#### [Collected data entries]

+ + + +

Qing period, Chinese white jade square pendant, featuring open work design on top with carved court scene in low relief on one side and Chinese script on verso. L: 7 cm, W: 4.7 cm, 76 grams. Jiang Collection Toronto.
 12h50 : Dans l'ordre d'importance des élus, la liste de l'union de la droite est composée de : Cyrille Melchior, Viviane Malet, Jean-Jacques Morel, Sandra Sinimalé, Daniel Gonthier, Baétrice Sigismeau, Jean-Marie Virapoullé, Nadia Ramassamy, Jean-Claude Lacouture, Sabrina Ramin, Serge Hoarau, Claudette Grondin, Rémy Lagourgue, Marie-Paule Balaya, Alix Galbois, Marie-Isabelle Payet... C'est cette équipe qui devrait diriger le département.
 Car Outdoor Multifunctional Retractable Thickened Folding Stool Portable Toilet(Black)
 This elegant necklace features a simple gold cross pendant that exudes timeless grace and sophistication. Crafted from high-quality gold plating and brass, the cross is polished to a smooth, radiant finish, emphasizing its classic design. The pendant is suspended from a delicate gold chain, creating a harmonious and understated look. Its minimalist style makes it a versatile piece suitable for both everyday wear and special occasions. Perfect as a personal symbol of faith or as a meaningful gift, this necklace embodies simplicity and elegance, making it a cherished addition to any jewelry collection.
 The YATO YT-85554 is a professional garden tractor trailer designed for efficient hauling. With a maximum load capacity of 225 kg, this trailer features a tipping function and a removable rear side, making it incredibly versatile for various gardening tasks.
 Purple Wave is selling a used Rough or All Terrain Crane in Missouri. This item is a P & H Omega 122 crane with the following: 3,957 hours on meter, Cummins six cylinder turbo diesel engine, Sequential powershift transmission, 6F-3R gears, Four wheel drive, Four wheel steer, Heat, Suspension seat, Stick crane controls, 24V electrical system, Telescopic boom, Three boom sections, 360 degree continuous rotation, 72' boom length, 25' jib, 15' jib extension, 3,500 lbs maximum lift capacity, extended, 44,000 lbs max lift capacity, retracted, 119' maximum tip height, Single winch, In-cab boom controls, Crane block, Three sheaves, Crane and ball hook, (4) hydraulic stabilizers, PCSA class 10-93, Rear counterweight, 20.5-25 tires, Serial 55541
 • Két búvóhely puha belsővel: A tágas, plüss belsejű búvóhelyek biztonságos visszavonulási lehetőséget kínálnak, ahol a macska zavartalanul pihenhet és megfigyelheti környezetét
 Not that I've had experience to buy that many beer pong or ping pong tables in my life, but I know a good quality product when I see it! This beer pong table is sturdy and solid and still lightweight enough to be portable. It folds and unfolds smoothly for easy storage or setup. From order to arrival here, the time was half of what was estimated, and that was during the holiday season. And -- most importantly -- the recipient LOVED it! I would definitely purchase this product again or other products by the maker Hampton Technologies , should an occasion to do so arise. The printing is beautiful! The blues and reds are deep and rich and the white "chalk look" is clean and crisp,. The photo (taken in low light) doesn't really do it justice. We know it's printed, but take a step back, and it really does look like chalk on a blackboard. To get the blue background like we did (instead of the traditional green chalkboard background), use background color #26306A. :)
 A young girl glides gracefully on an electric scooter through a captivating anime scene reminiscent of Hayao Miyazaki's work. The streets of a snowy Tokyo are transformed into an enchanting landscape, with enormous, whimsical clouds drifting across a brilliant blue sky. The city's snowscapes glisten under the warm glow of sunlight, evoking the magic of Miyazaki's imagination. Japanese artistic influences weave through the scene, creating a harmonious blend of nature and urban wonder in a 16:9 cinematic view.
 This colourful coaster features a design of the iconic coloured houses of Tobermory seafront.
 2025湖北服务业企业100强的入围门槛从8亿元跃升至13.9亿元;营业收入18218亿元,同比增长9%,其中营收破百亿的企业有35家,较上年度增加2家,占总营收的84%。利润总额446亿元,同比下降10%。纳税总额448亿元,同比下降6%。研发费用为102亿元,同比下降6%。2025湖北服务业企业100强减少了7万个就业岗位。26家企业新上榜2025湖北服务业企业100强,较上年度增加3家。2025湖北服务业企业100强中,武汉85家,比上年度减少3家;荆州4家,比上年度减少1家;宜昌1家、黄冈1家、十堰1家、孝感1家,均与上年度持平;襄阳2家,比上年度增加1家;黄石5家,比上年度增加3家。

+ + + +

#### [WORK INSTRUCTIONS]
Identify every line above with the string "that" in it. Copy those lines.

#### [RESULT FOR THIS EXERCISE]
 This elegant necklace features a simple gold cross pendant that exudes timeless grace and sophistication. Crafted from high-quality gold plating and brass, the cross is polished to a smooth, radiant finish, emphasizing its classic design. The pendant is suspended from a delicate gold chain, creating a harmonious and understated look. Its minimalist style makes it a versatile piece suitable for both everyday wear and special occasions. Perfect as a personal symbol of faith or as a meaningful gift, this necklace embodies simplicity and elegance, making it a cherished addition to any jewelry collection.
 Not that I've had experience to buy that many beer pong or ping pong tables in my life, but I know a good quality product when I see it! This beer pong table is sturdy and solid and still lightweight enough to be portable. It folds and unfolds smoothly for easy storage or setup. From order to arrival here, the time was half of what was estimated, and that was during the holiday season. And -- most importantly -- the recipient LOVED it! I would definitely purchase this product again or other products by the maker Hampton Technologies , should an occasion to do so arise. The printing is beautiful! The blues and reds are deep and rich and the white "chalk look" is clean and crisp,. The photo (taken in low light) doesn't really do it justice. We know it's printed, but take a step back, and it really does look like chalk on a blackboard. To get the blue background like we did (instead of the traditional green chalkboard background), use background color #26306A. :)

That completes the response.